* _Exercise objective_:
Repeat verbatim, and only, the lines of the data below, beginning at the line that contains "The electronic message" and stopping after the line that contains "Phù Cát (UIH)".

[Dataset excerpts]

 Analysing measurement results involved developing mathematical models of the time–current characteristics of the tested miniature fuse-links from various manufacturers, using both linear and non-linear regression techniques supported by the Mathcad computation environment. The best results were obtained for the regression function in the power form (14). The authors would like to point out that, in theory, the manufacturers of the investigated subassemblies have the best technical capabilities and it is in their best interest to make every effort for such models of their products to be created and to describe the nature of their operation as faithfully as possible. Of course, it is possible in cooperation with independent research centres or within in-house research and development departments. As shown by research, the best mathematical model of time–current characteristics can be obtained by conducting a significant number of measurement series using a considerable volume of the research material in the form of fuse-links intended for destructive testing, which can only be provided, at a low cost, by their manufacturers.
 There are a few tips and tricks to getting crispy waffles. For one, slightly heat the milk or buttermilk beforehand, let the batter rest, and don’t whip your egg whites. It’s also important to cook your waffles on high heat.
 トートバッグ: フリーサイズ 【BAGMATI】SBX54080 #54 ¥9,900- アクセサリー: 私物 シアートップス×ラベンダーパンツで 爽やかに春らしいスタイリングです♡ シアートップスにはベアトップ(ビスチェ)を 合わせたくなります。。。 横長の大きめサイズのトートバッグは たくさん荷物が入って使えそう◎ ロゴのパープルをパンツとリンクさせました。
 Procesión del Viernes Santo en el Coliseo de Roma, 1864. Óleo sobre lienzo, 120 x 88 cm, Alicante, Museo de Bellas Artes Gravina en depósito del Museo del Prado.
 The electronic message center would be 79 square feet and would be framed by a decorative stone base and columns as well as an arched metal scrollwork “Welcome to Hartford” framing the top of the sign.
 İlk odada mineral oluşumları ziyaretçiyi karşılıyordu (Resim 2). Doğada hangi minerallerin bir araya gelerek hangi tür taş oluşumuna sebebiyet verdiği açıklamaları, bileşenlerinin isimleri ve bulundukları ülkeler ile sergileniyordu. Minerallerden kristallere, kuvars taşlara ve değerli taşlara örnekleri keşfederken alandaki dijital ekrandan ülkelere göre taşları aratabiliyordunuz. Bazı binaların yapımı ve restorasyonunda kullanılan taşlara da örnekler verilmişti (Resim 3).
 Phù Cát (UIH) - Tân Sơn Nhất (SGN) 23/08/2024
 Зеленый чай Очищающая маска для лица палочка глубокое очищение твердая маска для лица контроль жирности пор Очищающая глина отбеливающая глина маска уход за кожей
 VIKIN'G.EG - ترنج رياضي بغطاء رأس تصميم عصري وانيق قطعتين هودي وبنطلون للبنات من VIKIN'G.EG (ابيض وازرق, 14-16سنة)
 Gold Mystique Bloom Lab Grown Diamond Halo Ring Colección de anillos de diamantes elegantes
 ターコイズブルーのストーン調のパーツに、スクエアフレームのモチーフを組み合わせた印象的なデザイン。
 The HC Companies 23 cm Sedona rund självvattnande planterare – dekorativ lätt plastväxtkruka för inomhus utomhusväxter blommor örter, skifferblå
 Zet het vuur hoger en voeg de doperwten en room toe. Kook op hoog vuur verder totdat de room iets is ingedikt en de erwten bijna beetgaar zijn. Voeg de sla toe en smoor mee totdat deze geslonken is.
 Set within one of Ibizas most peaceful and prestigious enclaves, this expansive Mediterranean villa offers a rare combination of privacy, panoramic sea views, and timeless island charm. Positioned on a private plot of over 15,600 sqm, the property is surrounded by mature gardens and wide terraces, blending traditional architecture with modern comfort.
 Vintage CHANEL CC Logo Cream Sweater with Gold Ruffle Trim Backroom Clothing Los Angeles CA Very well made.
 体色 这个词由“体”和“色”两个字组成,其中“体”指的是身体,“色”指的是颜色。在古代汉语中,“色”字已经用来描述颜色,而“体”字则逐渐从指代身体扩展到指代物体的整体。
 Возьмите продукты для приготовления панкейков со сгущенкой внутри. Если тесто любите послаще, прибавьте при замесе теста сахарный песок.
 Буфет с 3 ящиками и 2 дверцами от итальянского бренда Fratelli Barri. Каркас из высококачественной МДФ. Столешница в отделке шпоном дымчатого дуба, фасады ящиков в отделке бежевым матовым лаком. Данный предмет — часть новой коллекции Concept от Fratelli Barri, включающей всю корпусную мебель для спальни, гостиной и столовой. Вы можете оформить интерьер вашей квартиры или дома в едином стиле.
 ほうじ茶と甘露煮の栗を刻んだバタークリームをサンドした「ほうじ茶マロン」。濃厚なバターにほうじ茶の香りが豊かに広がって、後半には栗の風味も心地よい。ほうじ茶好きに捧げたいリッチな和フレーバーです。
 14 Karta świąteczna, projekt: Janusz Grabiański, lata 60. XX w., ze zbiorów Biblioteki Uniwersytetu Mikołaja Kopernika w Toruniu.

* _Output for this task_:
 The electronic message center would be 79 square feet and would be framed by a decorative stone base and columns as well as an arched metal scrollwork “Welcome to Hartford” framing the top of the sign.
 İlk odada mineral oluşumları ziyaretçiyi karşılıyordu (Resim 2). Doğada hangi minerallerin bir araya gelerek hangi tür taş oluşumuna sebebiyet verdiği açıklamaları, bileşenlerinin isimleri ve bulundukları ülkeler ile sergileniyordu. Minerallerden kristallere, kuvars taşlara ve değerli taşlara örnekleri keşfederken alandaki dijital ekrandan ülkelere göre taşları aratabiliyordunuz. Bazı binaların yapımı ve restorasyonunda kullanılan taşlara da örnekler verilmişti (Resim 3).
 Phù Cát (UIH) - Tân Sơn Nhất (SGN) 23/08/2024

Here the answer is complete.